<< Snow Falls Over The Trees | Home | jQuery(ing) with Lift Webframework and jQuery UI >>

OS limits for commands and arguments

in POSIX standard

There is a POSIX standard specific limitation called LINE_MAX and ARG_MAX.
First is the maximum command line length a POSIX compatible OS needs to support.
Second ist the maximum number of arguments.

Next to these limits explained in
http://opengroup.org/onlinepubs/009695399/utilities/xargs.html
the document
http://opengroup.org/onlinepubs/009695399/utilities/xcu_chap02.html
tells that there "shall be no limit on the size of any shell command other than that imposed by the underlying system (memory constraints, {ARG_MAX}, and so on)."
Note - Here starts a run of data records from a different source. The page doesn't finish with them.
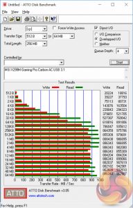 M.2 performance was unrestricted while the M.2 shield did its job in preventing thermal throttling under extended heavy loading. That entailed running the ATTO benchmark three times (almost ten minutes) without a break and then recording the maximum temperature at the end.
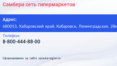 Самбери, сеть гипермаркетов по адресу 680013, Хабаровский край, Хабаровск, Ленинградская, 28и в дальнейшем Организация, размещена в следующих категориях:
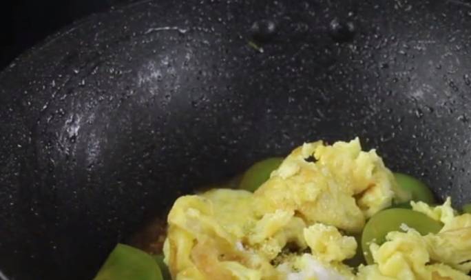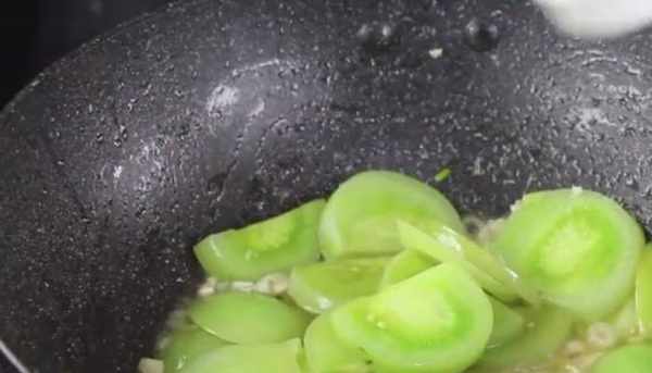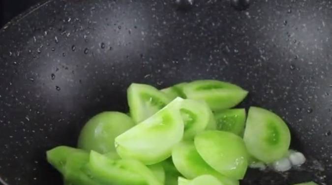 接著鍋裡面倒入適量的油,把切好的青的西紅柿倒在鍋裡面翻炒,炒香後把事先準備好的雞蛋,倒在裡面翻炒,然後在裡面放上適量的鹽,其實青的西紅柿和熟的西紅柿做法差不多,但是沒熟的西紅柿炒的時候裡面的汁水並不是很多。
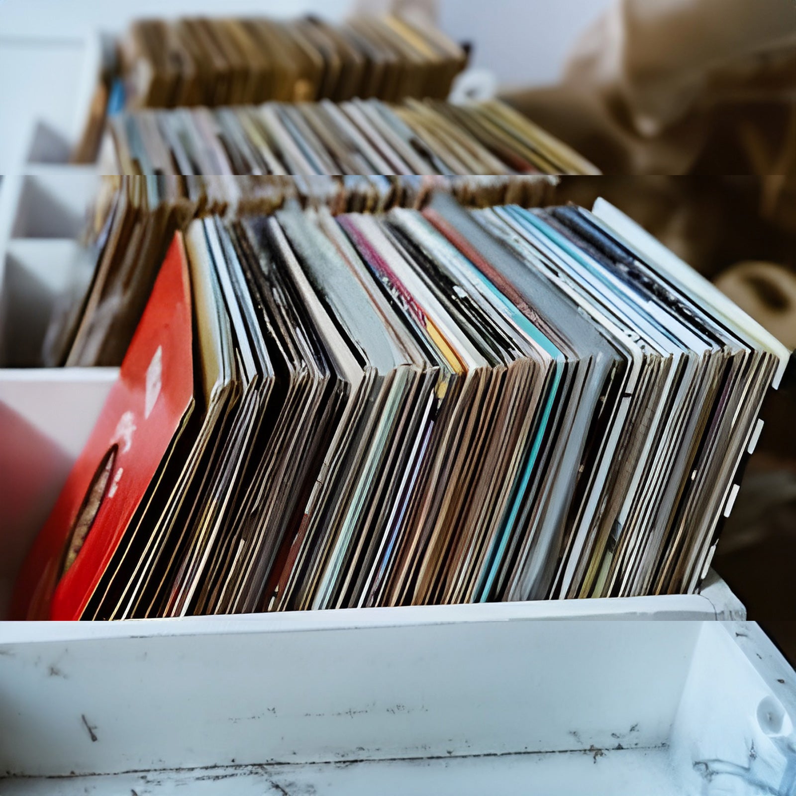 Place them vertically, in a row, in a cool and dry place. Replace the record jacket and inner sleeve regularly and keep them clean.

E.g. in the document for the exec call variant execvp
http://opengroup.org/onlinepubs/009695399/functions/execvp.html
you can read:
"The number of bytes available for the new process' combined argument and environment lists is {ARG_MAX}. It is implementation-defined whether null terminators, pointers, and/or any alignment bytes are included in this total."

The environment is included in the limitation with the arguments:
"The values that the environment variables may be assigned are not restricted except that they are considered to end with a null byte and the total space used to store the environment and the arguments to the process is limited to {ARG_MAX} bytes."
[http://opengroup.org/onlinepubs/009695399/basedefs/xbd_chap08.html]

In AIX you can get the maximums from the system with the getconf utility:
getconf LINE_MAX  =>    2048
getconf ARG_MAX   => 24576

You should know that there are such limitations and you should base your programs and scripts on the POSIX maximums:
_POSIX_ARG_MAX: 4096

Only POSIX provides compatibility on different Unix platforms.